CML is associated with upregulation of the MYC-regulated miRNA cluster miR-17-92 through an indirect and unknown mechanism. This polycistronic cluster of 7 miRNAs (17-5p, 17-3p, 18a, 19a, 20a, 19b-1, and 92-1) has been implicated in cell-cycle control by inhibiting E2F1 [5]. MiR-17 and miR-20a exert an anti-apoptotic effect in rapidly dividing cells by downregulating E2F1 and preventing cell-cycle arrest as a result of a G1 checkpoint caused by an accumulation of double strand breaks [39]. MiR-17-5p mediates cell-cycle progression through G1 by inhibiting the tumor suppressor p21 in neuroblastoma, which might be similar in CML [40]. Additionally, CMLs express lower levels of miR-10a, miR-150, and miR-151 and elevated levels of miR-96 [41]. Bueno et al. showed that miR-203, which directly targets BCR-ABL for downregulation, is lost in many cases of BCR-ABL-related leukemias by genomic instability and CpG methylation, which potentially disables a key negative feedback pathway [42]. San Jose-Eneriz found a distinct miRNA signature in analyses of 8 patients with imatinib-resistant CML, with 18 downregulated and 1 upregulated miRNA (Table 1)[43].

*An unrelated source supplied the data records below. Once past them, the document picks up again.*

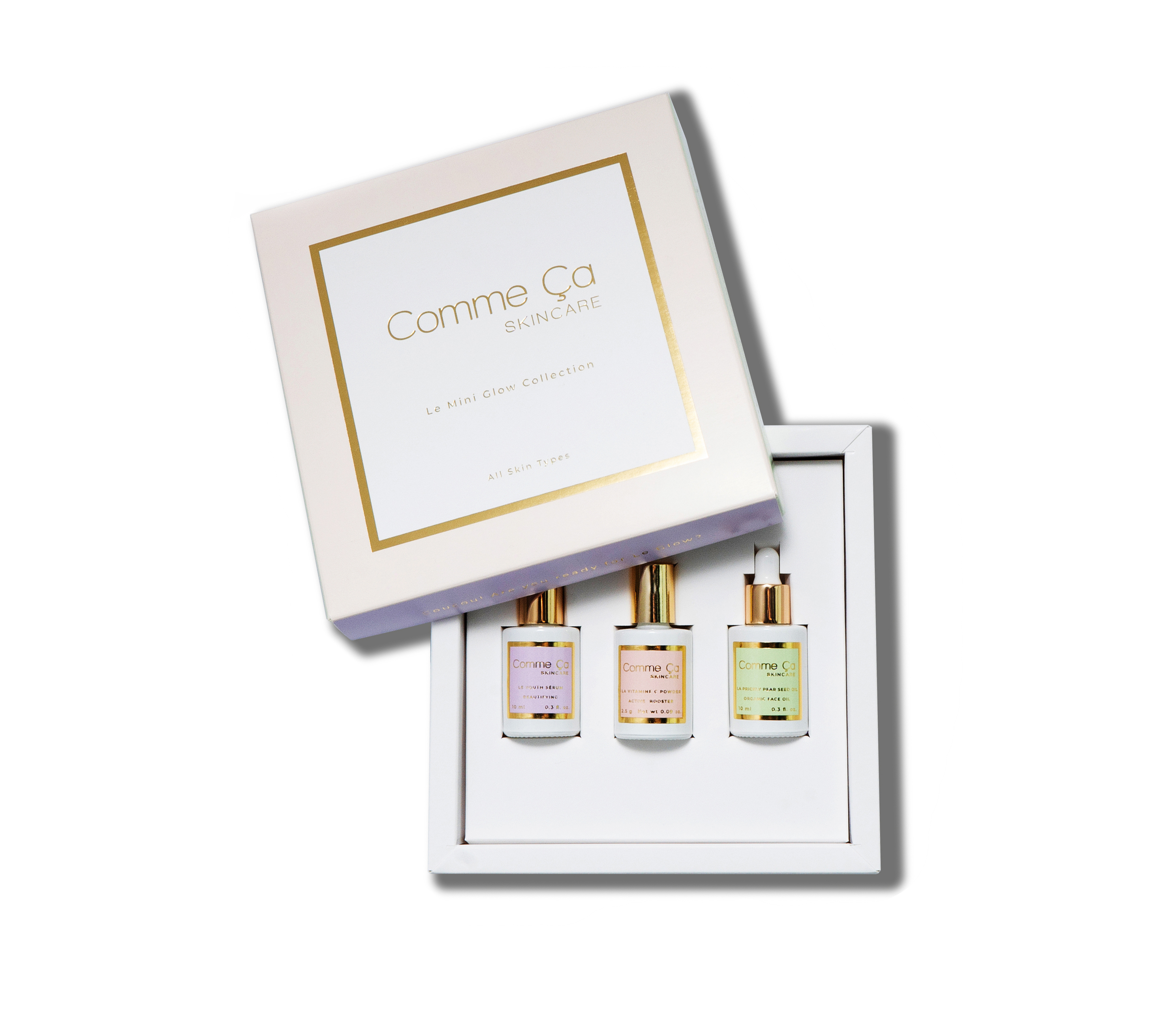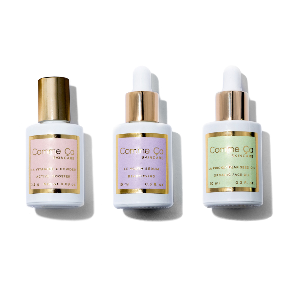 Le Mini Glow Collection consists of the first three products from our skincare collection (La Vitamine C Powder 2,5 g, Le Youth Sérum 10 ml, and La Prickly Pear Seed Oil 10 ml) in travel-friendly sizes. Ideal for holidays or first-time Comme Ça Skincare users who want to try them all out first, this collection is a one-stop-solution to nourish, moisturize, and protect the skin, leaving it with a beautiful, radiant glow. The minis are also available separately from each other.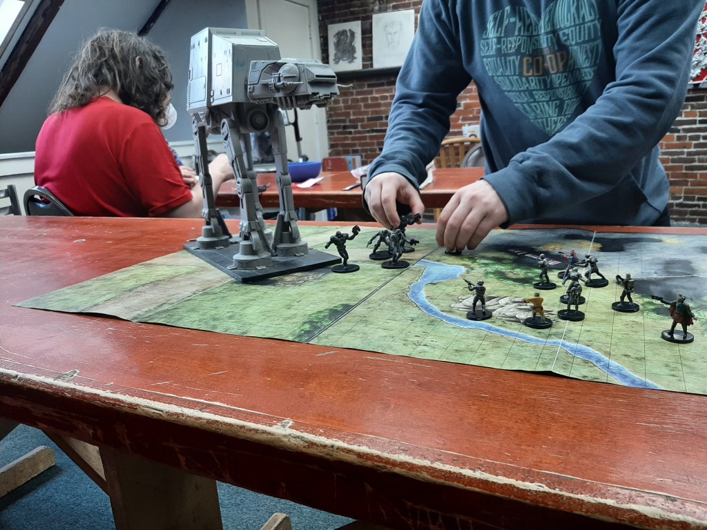 This April Vacation at the Loft, we got outside to enjoy the changing weather with the start of Live Action Combat season. Rio ran an epic Star Wars miniatures battle that all came down to a square off between the Imperial Forces and a small, scrappy troop of bounty hunters. In the end, Henry’s massive Imperial army managed to overwhelm the bounty hunters and claim victory! The week was capped with a special Pax Britannica event hosted at First Baptist Church (more to come on that soon), and a treat of blueberry pie for Friday night dessert.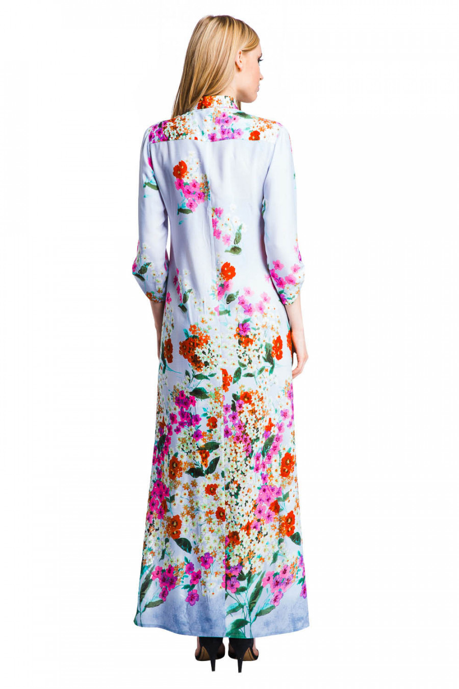 Стильное длинное платье. Модель свободного прямого кроя с разрезами по бокам. Платье с воротом на стойке и  укороченными рукавами с застёжкой  ""пата"" для фиксации подвёрнутого  рукава. По центральной части модель дополнена на пуговицы. Выполнена из легкого материала и украшено принтом.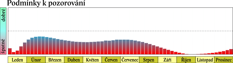 Nejpříznivější podmínky na pozorování Venuše jsou v únoru a v březnu. Maximální jasnosti (-4,6 mag) dosahuje 15. 2. v 6 h SEČ, největší západní elongace (47° od Slunce) 22. 3. ve 20 h SEČ. Ze souhvězdí Střelce, v němž je 31. 1. ve 20 h stacionární, se v březnu přesune do Kozoroha a v následujících měsících projde souhvězdími Vodnáře, Berana, Býka, Blíženců, Raka a Lva. Od dubna do konce září bude pozorovatelná ráno nízko nad východním až severovýchodním obzorem. V říjnu a listopadu je nepozorovatelná. Horní konjunkce se Sluncem nastává 25. 10. v 9 h SEČ v souhvězdí Panny. Během listopadu a prosince Venuše projde souhvězdími Štíra a Hadonoše do Střelce. Na koci roku se znovu objevuje na večerní obloze nízko nad jihozápadním obzorem. Na konci občanského soumraku je však necelé 4° nad obzorem, zapadá během nautického soumraku.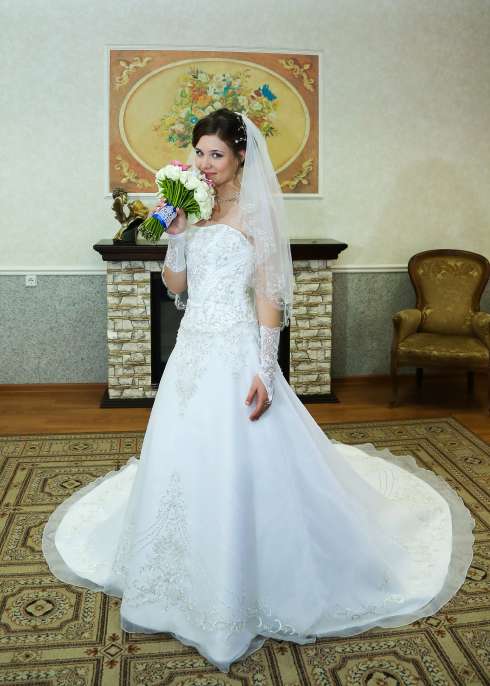 Продам прекрасное белое свадебное платье Miss Kelly (Франция) с длинным шлейфом, расшитое бисером. Платье в отличном состоянии. Шлейф подкалывается сзади. В подарок к нему идут: фата и перчатки. Размер 42-44. Покупала платье в салоне. Торг возможен после примерки.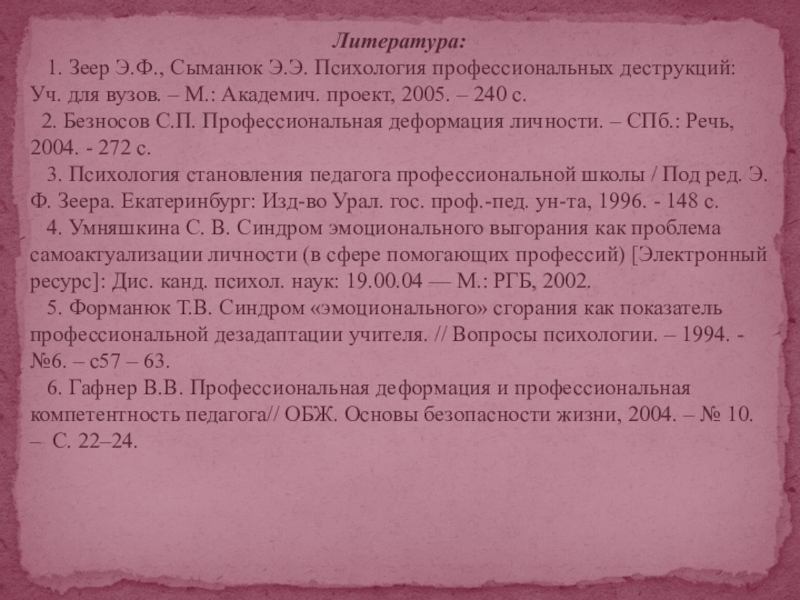 2. Безносов С.П. Профессиональная деформация личности. – СПб.: Речь, 2004. - 272 с.

Acute Lymphocytic Leukemia

Acute lymphocytic leukemias (ALL), including T- or B-lineage ALL, are characterized by several different cytogenetic abnormalities, including t(12;21)TEL-AML1; the t(8;14), t(2;8) and t(8;22) MYC-related translocations; TAL1; t(1;19) E2A-PBX; 11q23 translocations (MLL); t(9;22) translocations (BCR-ABL), and others. Zanette et al. first characterized miRNA expression abnormalities in ALL by pooling samples of 7 patients and grouping the abnormalities according to the cell lineage compared with CD19+ normal cells [44]. ALL showed multiple disregulated miRNAs highlighted by 5 upregulated miRNAs and 5 downregulated miRNAs (Table 1). The miR-17-92 cluster was upregulated to a lesser extent and was shown to repress E2F1 in T-lineage ALL[44, 45]. Mi et al. performed a high-throughput bead-based profile comparing B-lineage ALL to AML and normal bone marrow cells (mononuclear and CD15+)[46]. In that study, the authors compared the miRNA signatures of 18 ALL samples, all with 11q23 translocations, against 54 AML samples that had a broad spectrum of cytogenetic abnormalities. They found differential expression of 27 miRNAs in ALL, with 6 upregulated and 21 downregulated (Table 1) [46]. These findings confirmed that miR-128a/b is upregulated, which they attributed to epigenetic misregulation of CpG island methylation. The authors also found let-7b and miR-223 to be downregulated compared with AML leukemias. They proposed that the disregulation of these 4 miRNAs (miR-128a, miR-128b, let-7b, and miR-223) serve as the minimal criteria to distinguish ALL and AML leukemias, with miR-128a and miR-128b indicating ALL and let-7b and miR-223 indicating AML [46].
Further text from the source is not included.